Necessary condition for invertible knot concordance from both ends

Question

It is clear that if $K_1$ and $K_2$ are two concordant knots by a concordance that only present ambient isotopic phenomena (no saddles, maxima, or minima) they are invertible concordant from both ends. I conjecture that this could also be a necessary condition, that is, if two knots $K_1$ and $K_2$ are invertible concordant from both ends it should exist a concordance $C$ between $K_1$ and $K_2$ that does not present saddles, maxima, or minima. Is this true? Thanks in advanced!

Answer 1

No, this is not true: any doubly-slice knots gives a counterexample to your statement.

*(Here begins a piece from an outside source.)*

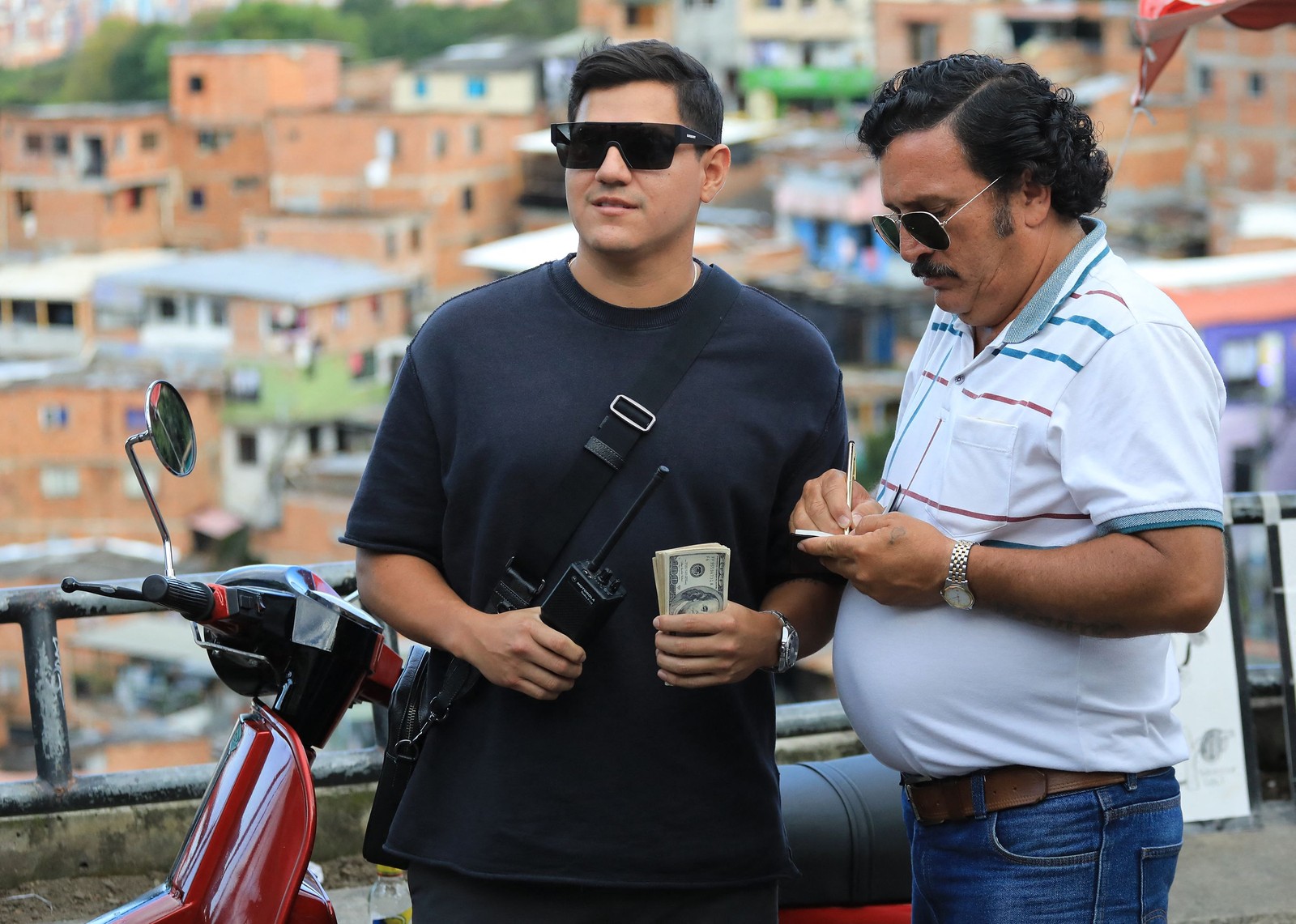 Turista posa ao lado de um sócia de Pablo — Foto: JAIME SALDARRIAGA / AFP

A knot $K$ is doubly-slice if there is an unknotted 2-sphere $F$ in $S^4$ such that $(S^3,K)$ is diffeomorphic to $(S^3_{\rm eq}, F\cap S^3_{\rm eq})$, where $S^3_{\rm eq}$ is the equatorial 3-sphere (and we assume that $F$ and $S^3_{\rm eq}$ intersect transversely).

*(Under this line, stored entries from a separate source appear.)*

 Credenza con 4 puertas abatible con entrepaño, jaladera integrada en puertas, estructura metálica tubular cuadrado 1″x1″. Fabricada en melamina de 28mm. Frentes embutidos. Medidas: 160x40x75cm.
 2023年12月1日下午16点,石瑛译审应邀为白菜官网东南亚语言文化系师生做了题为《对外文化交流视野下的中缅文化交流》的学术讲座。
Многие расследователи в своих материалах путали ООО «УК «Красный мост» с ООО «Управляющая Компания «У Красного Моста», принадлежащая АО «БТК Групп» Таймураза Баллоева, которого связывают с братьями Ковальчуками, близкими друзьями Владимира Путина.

By removing two small balls centered at points $F$ in the two hemispheres in which $S^3_{\rm eq}$ divides $S^4$, by definition we have the trivial cobordism from the unknot to itself, which decomposes into two cobordisms, one from the unknot to $K$, and the other from $K$ to the unknot.

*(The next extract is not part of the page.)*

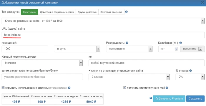 Далее в пункте «Тип раскрутки» выберите «Клики по рекламе на сайте» и заполните необходимые поля:
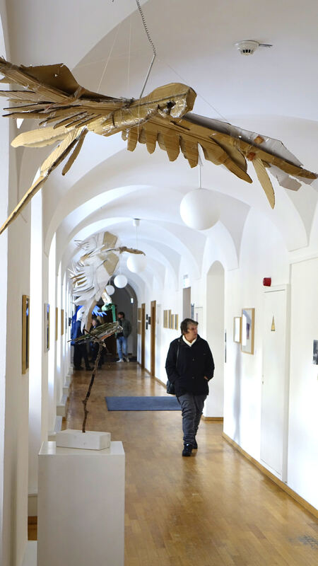 GAMMERTINGEN-MARIABERG. »Ich glaube, es wandelt sich einfach alles«: Unter dem Titel »Wandelraum« wurde die neue Werkschau der künstlerischen Ateliers Mariabergs im ehemaligen Kloster eröffnet. Ein ganzer Schwarm aus lebensgroßen Papp-Vögeln sowie farbenfrohe Webstücke und zahlreiche Gemälde über das Seelenleben der Künstlerinnen und Künstler mit Behinderung präsentieren die Vielfalt und künstlerische Kraft der sogenannten »Outsider Art«.

To give a negative answer to your question, it only remains to show that there exist non-trivial doubly-slice knots: $9_{46}$ (in Rolfsen's knot table---see knotinfo) is the smallest one, but more generally $J \# {-J}$ is doubly-slice for any knot $J$ (I know of a proof by Zeeman, but maybe this was known earlier). (Here $-J$ denotes the mirror of $J$ with its orientation reversed.)

Answer 2

Let $C$ denote a concordance from $K_1$ to $K_2$ in $S^3\times [0,1]$, and let $C_1, C_2$ be concordances from $K_2$ to $K_1$. Let $C_1 \cdot C \sim K_2 \times [0,1]$, $C\cdot C_2\sim K_1\times [0,1]$ (so $C_1$ is a left inverse and $C_2$ a right inverse of $C$). Then we see that $$C_1\cdot C \cdot C_2 \sim C_1\cdot (C \cdot C_2)\sim C_1 \sim (C_1\cdot C ) \cdot C_2 \sim C_2,$$ so $C_1 \sim C_2$. Let $C’$ denote the open concordance $C\cap S^3 \times [0,1)$.

Now one may perform the Mazur Swindle to show that $C’$ is a product:

$$C\cdot C_1\cdot C \cdot C_1 \cdot C \cdots =C\cdot (C_1\cdot C) \cdot (C_1 \cdot C) \cdots \sim C’ \sim (C\cdot C_1) \cdot (C \cdot C_1) \cdot (C\cdot C_1) \cdots \sim K_1\times [0,1). $$

I think it should be true as well that $C \sim K_1\times [0,1]$ in the topological category, but I haven’t through it through carefully.